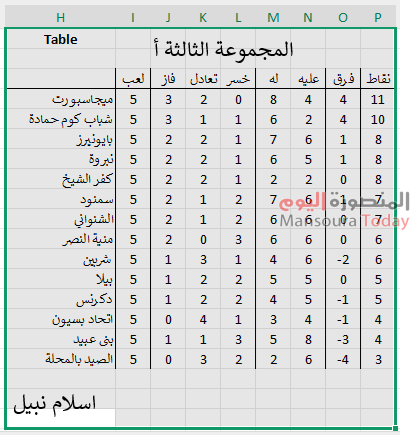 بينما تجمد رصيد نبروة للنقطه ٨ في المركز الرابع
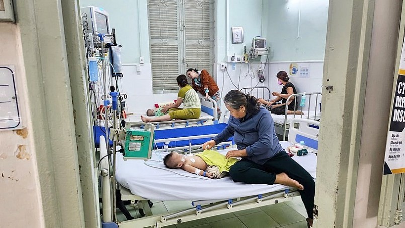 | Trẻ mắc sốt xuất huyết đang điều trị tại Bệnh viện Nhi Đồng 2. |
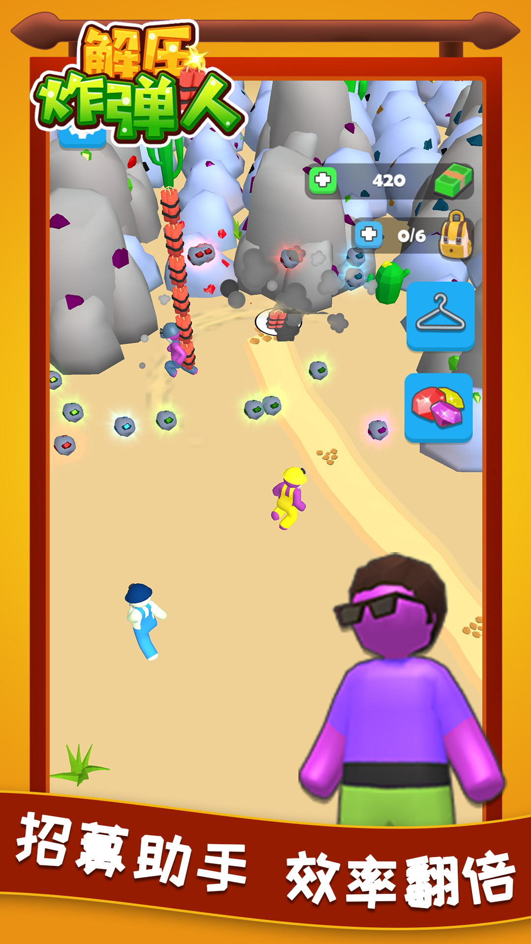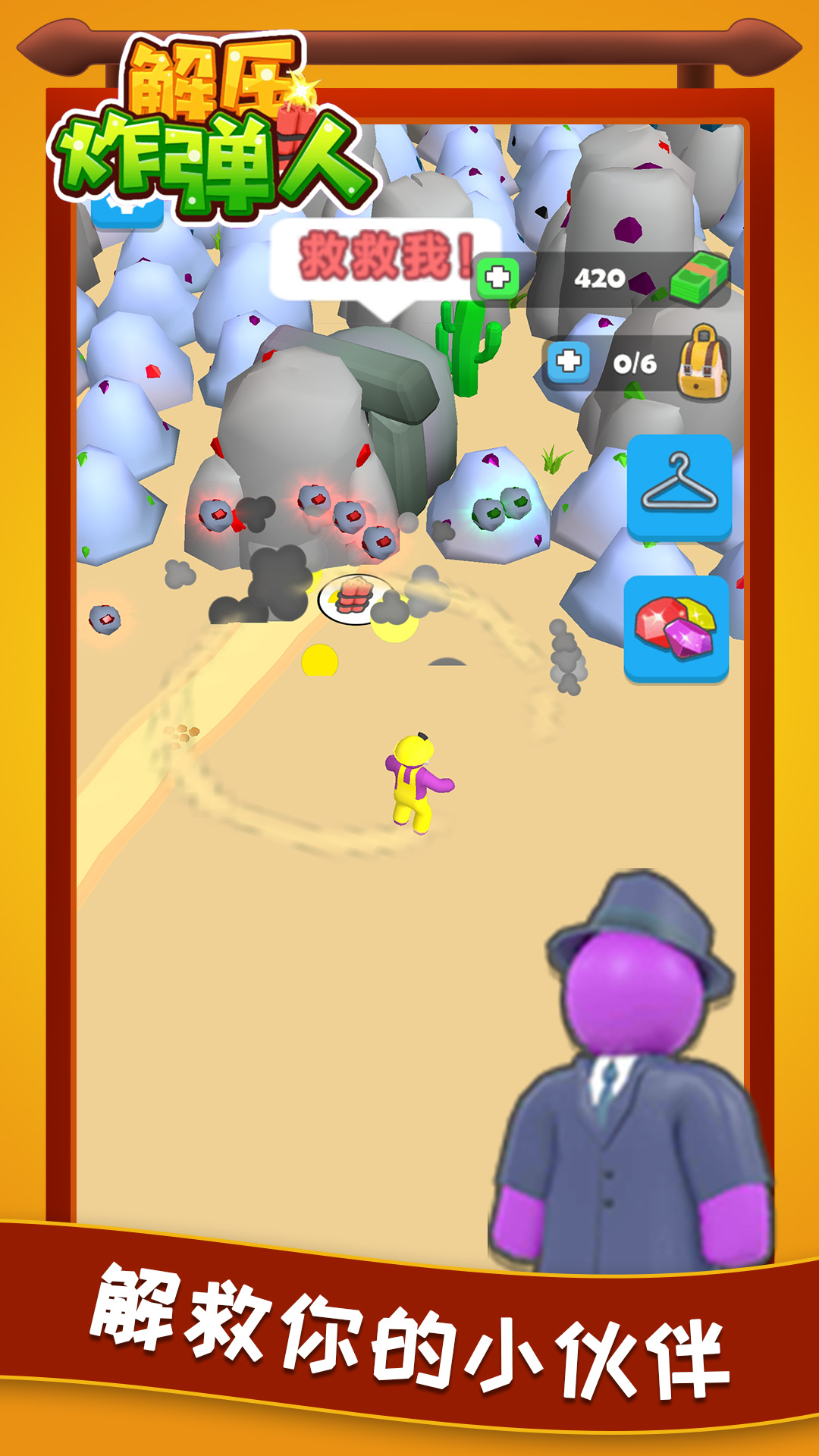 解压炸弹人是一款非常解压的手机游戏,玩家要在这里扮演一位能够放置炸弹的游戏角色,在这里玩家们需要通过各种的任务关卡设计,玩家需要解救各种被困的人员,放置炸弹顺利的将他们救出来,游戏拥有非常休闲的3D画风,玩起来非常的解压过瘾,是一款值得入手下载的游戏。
::::::
* _Brief_: Every line above goes into your copy exactly; no images go in.

* _Solution for this task_:
 بينما تجمد رصيد نبروة للنقطه ٨ في المركز الرابع
 | Trẻ mắc sốt xuất huyết đang điều trị tại Bệnh viện Nhi Đồng 2. |
 解压炸弹人是一款非常解压的手机游戏,玩家要在这里扮演一位能够放置炸弹的游戏角色,在这里玩家们需要通过各种的任务关卡设计,玩家需要解救各种被困的人员,放置炸弹顺利的将他们救出来,游戏拥有非常休闲的3D画风,玩起来非常的解压过瘾,是一款值得入手下载的游戏。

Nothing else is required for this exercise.